Aim of the exercise: From the material below, retype exactly the lines that begin at the line with "Das moderne Sideboard" and end after the line with "Woreczek bawełniany wykonany"; pictures stay out of the copy.

Information shown:
------------

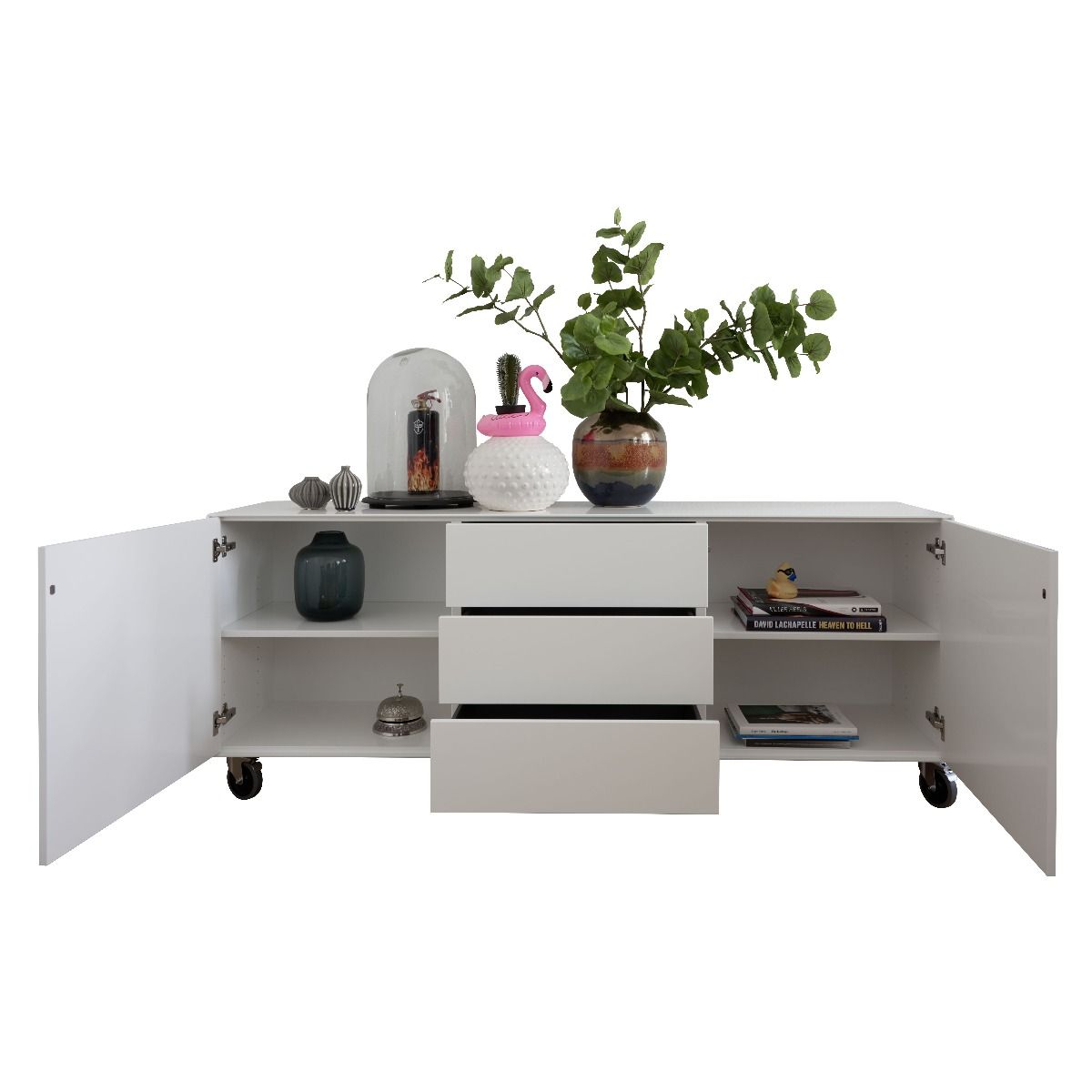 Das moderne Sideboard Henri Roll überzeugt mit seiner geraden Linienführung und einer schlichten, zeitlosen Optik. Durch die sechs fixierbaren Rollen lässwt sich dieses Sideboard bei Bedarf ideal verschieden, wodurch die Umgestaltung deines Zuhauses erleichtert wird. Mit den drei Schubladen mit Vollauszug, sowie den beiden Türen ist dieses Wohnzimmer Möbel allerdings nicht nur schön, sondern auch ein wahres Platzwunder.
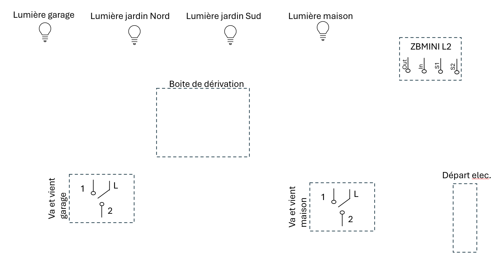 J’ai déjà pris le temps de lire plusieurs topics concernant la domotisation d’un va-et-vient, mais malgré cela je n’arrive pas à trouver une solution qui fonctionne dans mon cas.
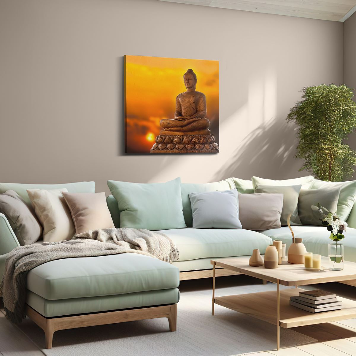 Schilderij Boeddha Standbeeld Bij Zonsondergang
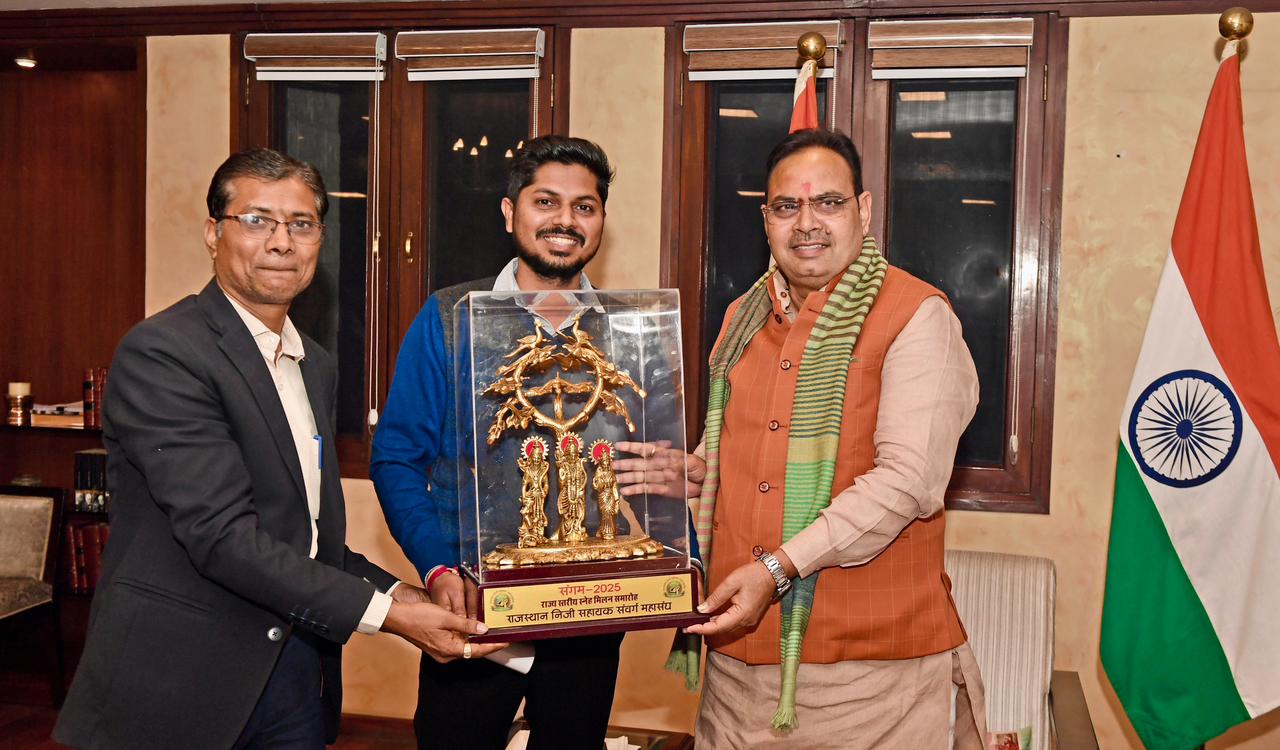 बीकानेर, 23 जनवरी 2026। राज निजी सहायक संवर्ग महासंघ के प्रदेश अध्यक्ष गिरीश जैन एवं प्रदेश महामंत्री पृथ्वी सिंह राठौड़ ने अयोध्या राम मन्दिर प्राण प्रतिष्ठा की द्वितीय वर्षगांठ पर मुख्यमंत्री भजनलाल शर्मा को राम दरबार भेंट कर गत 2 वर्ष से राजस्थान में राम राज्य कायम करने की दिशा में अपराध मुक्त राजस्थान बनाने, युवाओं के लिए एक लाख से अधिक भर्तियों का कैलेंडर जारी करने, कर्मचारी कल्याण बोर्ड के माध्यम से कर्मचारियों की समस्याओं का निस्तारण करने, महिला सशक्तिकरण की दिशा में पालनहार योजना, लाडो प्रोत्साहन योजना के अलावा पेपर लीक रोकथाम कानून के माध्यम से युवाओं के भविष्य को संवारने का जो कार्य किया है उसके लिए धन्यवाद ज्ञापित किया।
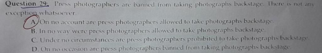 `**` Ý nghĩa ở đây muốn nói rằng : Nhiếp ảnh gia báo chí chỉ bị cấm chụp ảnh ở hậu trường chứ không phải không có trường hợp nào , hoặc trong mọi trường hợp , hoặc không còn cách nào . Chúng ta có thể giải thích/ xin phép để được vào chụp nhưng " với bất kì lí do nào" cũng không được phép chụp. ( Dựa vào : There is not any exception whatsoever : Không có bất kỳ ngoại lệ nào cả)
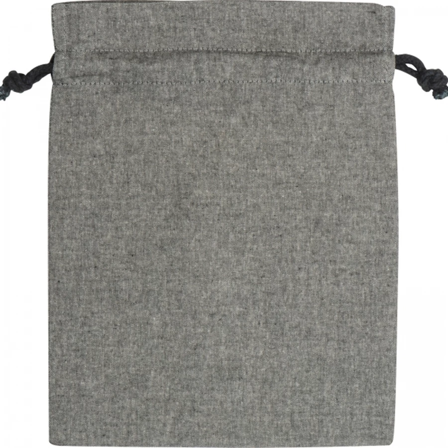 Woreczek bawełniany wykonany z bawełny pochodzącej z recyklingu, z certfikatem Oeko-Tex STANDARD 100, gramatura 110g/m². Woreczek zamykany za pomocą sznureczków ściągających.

------------

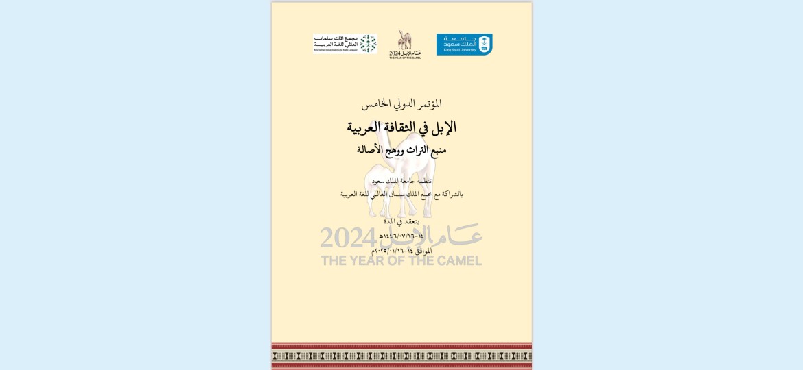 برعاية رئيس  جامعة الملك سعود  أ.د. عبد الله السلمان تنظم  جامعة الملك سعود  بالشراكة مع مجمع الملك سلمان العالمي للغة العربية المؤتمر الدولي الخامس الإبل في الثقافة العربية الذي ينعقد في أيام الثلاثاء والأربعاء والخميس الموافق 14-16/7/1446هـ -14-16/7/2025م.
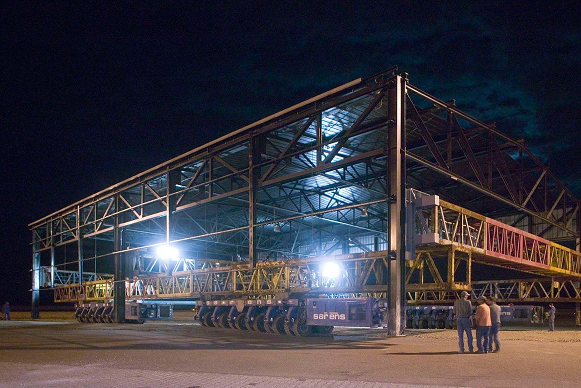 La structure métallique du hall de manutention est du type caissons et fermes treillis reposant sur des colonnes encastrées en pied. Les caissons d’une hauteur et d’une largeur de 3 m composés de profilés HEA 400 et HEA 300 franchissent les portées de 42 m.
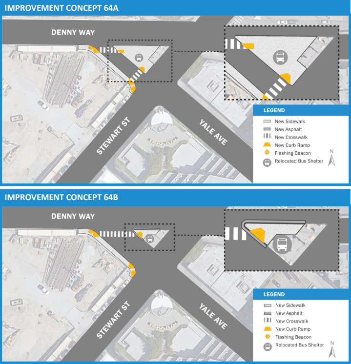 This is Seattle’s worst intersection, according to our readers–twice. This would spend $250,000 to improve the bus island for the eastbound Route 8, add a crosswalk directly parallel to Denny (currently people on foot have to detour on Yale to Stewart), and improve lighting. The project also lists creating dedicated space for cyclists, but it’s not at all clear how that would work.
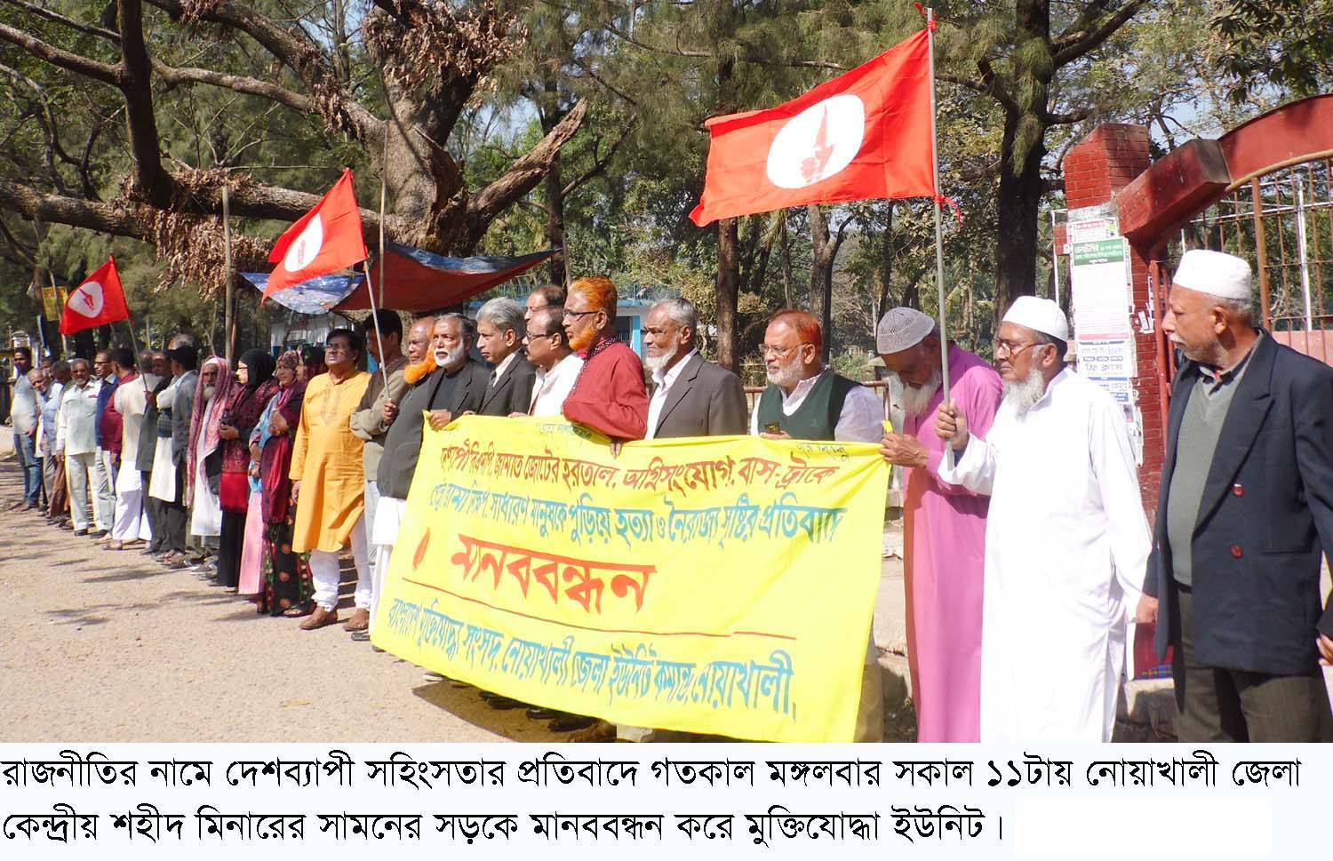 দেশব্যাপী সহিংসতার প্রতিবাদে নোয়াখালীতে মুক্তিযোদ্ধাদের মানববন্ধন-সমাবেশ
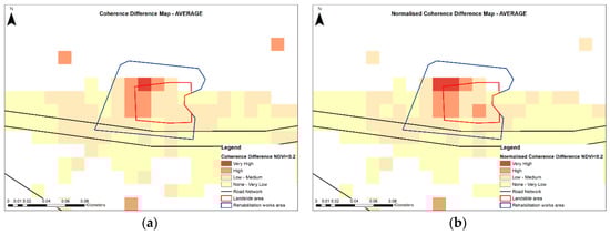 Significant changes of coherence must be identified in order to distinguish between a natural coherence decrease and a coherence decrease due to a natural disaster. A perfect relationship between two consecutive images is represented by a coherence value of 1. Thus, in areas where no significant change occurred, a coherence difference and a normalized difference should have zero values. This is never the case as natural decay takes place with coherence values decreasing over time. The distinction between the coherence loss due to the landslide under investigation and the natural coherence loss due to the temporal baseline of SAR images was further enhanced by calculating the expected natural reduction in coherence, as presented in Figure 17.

------------

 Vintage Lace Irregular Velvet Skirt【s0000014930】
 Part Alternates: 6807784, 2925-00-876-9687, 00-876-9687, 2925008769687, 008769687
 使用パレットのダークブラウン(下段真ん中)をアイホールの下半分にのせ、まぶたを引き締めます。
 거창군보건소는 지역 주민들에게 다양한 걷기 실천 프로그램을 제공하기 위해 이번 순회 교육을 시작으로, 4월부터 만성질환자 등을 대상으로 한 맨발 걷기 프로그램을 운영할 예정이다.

------------

Answer box:
 Das moderne Sideboard Henri Roll überzeugt mit seiner geraden Linienführung und einer schlichten, zeitlosen Optik. Durch die sechs fixierbaren Rollen lässwt sich dieses Sideboard bei Bedarf ideal verschieden, wodurch die Umgestaltung deines Zuhauses erleichtert wird. Mit den drei Schubladen mit Vollauszug, sowie den beiden Türen ist dieses Wohnzimmer Möbel allerdings nicht nur schön, sondern auch ein wahres Platzwunder.
 J’ai déjà pris le temps de lire plusieurs topics concernant la domotisation d’un va-et-vient, mais malgré cela je n’arrive pas à trouver une solution qui fonctionne dans mon cas.
 Schilderij Boeddha Standbeeld Bij Zonsondergang
 बीकानेर, 23 जनवरी 2026। राज निजी सहायक संवर्ग महासंघ के प्रदेश अध्यक्ष गिरीश जैन एवं प्रदेश महामंत्री पृथ्वी सिंह राठौड़ ने अयोध्या राम मन्दिर प्राण प्रतिष्ठा की द्वितीय वर्षगांठ पर मुख्यमंत्री भजनलाल शर्मा को राम दरबार भेंट कर गत 2 वर्ष से राजस्थान में राम राज्य कायम करने की दिशा में अपराध मुक्त राजस्थान बनाने, युवाओं के लिए एक लाख से अधिक भर्तियों का कैलेंडर जारी करने, कर्मचारी कल्याण बोर्ड के माध्यम से कर्मचारियों की समस्याओं का निस्तारण करने, महिला सशक्तिकरण की दिशा में पालनहार योजना, लाडो प्रोत्साहन योजना के अलावा पेपर लीक रोकथाम कानून के माध्यम से युवाओं के भविष्य को संवारने का जो कार्य किया है उसके लिए धन्यवाद ज्ञापित किया।
 `**` Ý nghĩa ở đây muốn nói rằng : Nhiếp ảnh gia báo chí chỉ bị cấm chụp ảnh ở hậu trường chứ không phải không có trường hợp nào , hoặc trong mọi trường hợp , hoặc không còn cách nào . Chúng ta có thể giải thích/ xin phép để được vào chụp nhưng " với bất kì lí do nào" cũng không được phép chụp. ( Dựa vào : There is not any exception whatsoever : Không có bất kỳ ngoại lệ nào cả)
 Woreczek bawełniany wykonany z bawełny pochodzącej z recyklingu, z certfikatem Oeko-Tex STANDARD 100, gramatura 110g/m². Woreczek zamykany za pomocą sznureczków ściągających.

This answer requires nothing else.